The result is the submatrix of connectivity between the sampled neurons.

This leads to the question how representative the samples are for the overall connectome. How reliable are qualitative results obtained this way?

In principle this can be investigated mathematically:
Let p_true be the probability of connectivity in the actual, full connectome. Then the number of connections found in, e.g., 250 samples of 8 neurons (8 * 7 = 56 pairs) follows a binomial distribution with n=250 * 56, p=p_true. See the code cell below:

In [None]:
from scipy.stats import binom

n = 8 # number of neurons sampled concurrently
n_pairs = n * (n - 1) # number of pairs, i.e., possible connections
p_true = 0.05 # exemplary value
n_submat_sampled = 250 # number of submatrices sampled, i.e., number of slices tested. This is a generous number that would require a lot of work.

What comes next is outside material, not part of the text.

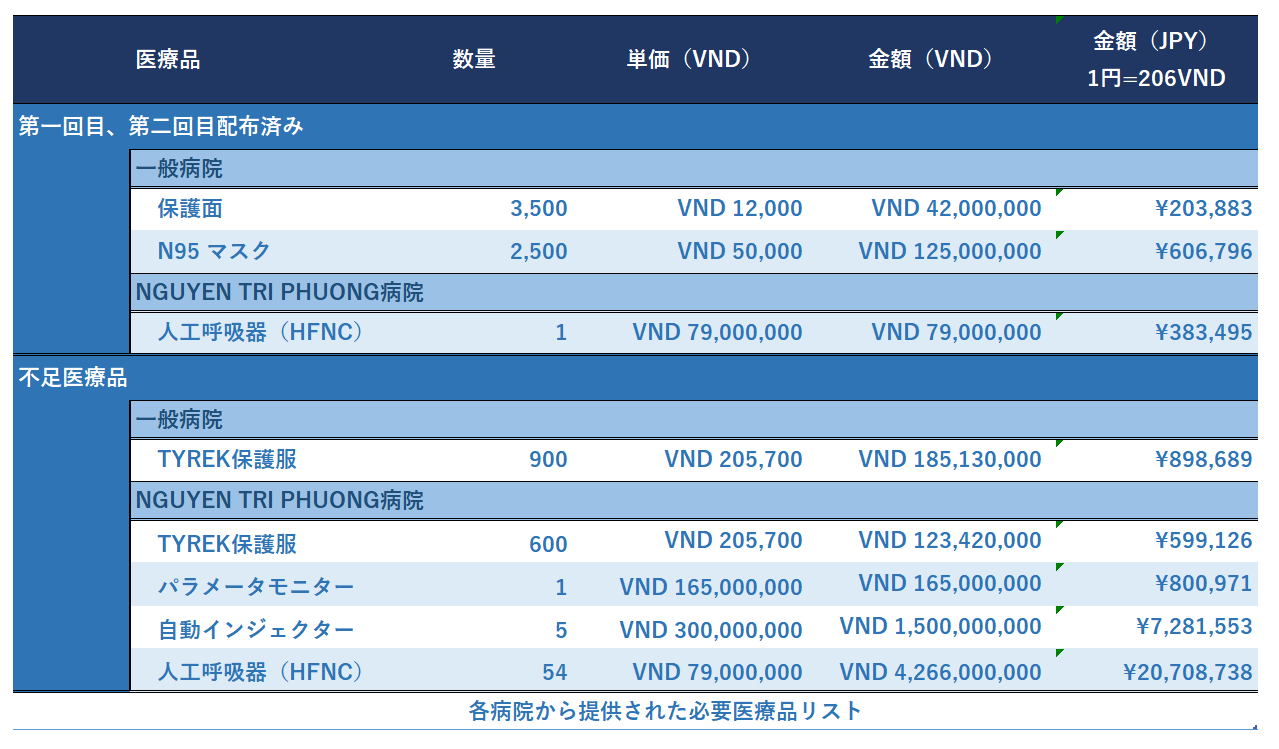 ※本プロジェクトはAll-Inでの実施となるため、支援総額が期日までに目標金額に届かなかった場合でも、必要医療品リストの中から購入し、2021年10月11日までに、ホーチミン市に送金し、物資調達次第、病院に必ず届けます。

# The distribution for the results of the sampling
distr = binom(n_submat_sampled * n_pairs, p_true)

# Expected outcomes: Expected estimate of p from the data and the expected error of the estimate
expected_p_estimate = distr.mean() / (n_submat_sampled * n_pairs)
expected_err = distr.std() / (n_submat_sampled * n_pairs)
display(expected_p_estimate, expected_err)

As we see, the experiment is expected to yield the correct estimated connection probability on average, and with a small expected error around it.

Can you see the potential issue with this analysis?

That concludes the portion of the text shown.